Thursday, September 1, 2011

The Kosher Pig

Question of the Week:


I am so embarrassed I don't know what to say. I bought a tomato sauce in the supermarket last week that I thought was kosher. I always buy this brand, but this time it seems I chose a different flavour than usual. After cooking with it and feeding my family, I read the ingredients, and to my horror, the sauce wasn't kosher! When I say not kosher, I mean as not kosher as you can get. It contained..... ham! I will do whatever I need to make my kitchen kosher again, I know that can be fixed. But what devastates me is, what can I do about what I ate, and fed my family?




You have a rare opportunity before you, one that even the holiest people never have.

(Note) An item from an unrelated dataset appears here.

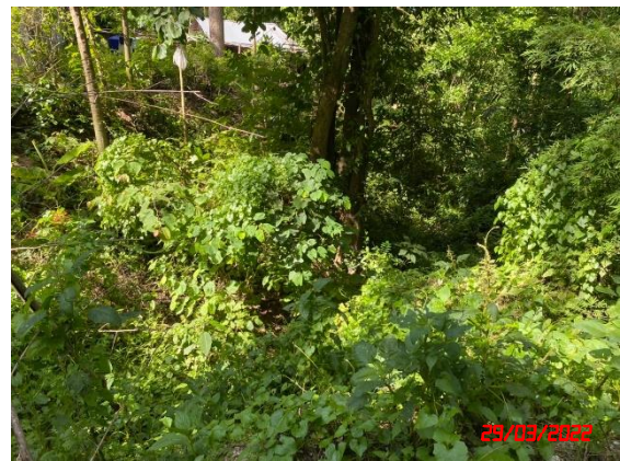
รูปที่ 2-2 คั่นทำนบดิน

You can now make pig kosher. Here's how.


Every food has its nutritional value. Certain foods provide us with spiritual nutrition, and by eating them we become more sensitised to our souls. This is kosher eating. The Torah allows us to eat these foods, not because they are healthy for our body but rather they are healthy for our soul. On the other hand, non-kosher foods are the opposite, they block the connection between body and soul, deaden our perception of holiness and desensitise us from the world of spirit.


But there is an exception. There is a way that non-kosher food can elevate you. When the eating of non-kosher food itself stirs you toward spiritual growth, when you regret  what you have done, resolve not to do it again, and commit to being more careful, what was a fall in spiritual observance becomes a step up to a higher spiritual plain.


This creates an amazing turn around. The pig you ate actually made you more spiritual. The sin had the same impact usually reserved for a mitzvah, it made you closer to G-d.


This is the law of transformation. A dispute, when resolved, makes friends closer. An argument, when handled correctly, makes a marriage deeper. A mistake, when seen as a learning tool, makes you smarter. And a piece of ham, when you regret eating it, makes you more kosher.


You should never deliberately start an argument, and you should never choose to eat non-kosher either. But if it already happened, don't feel down. Turn it around, and make the pig kosher.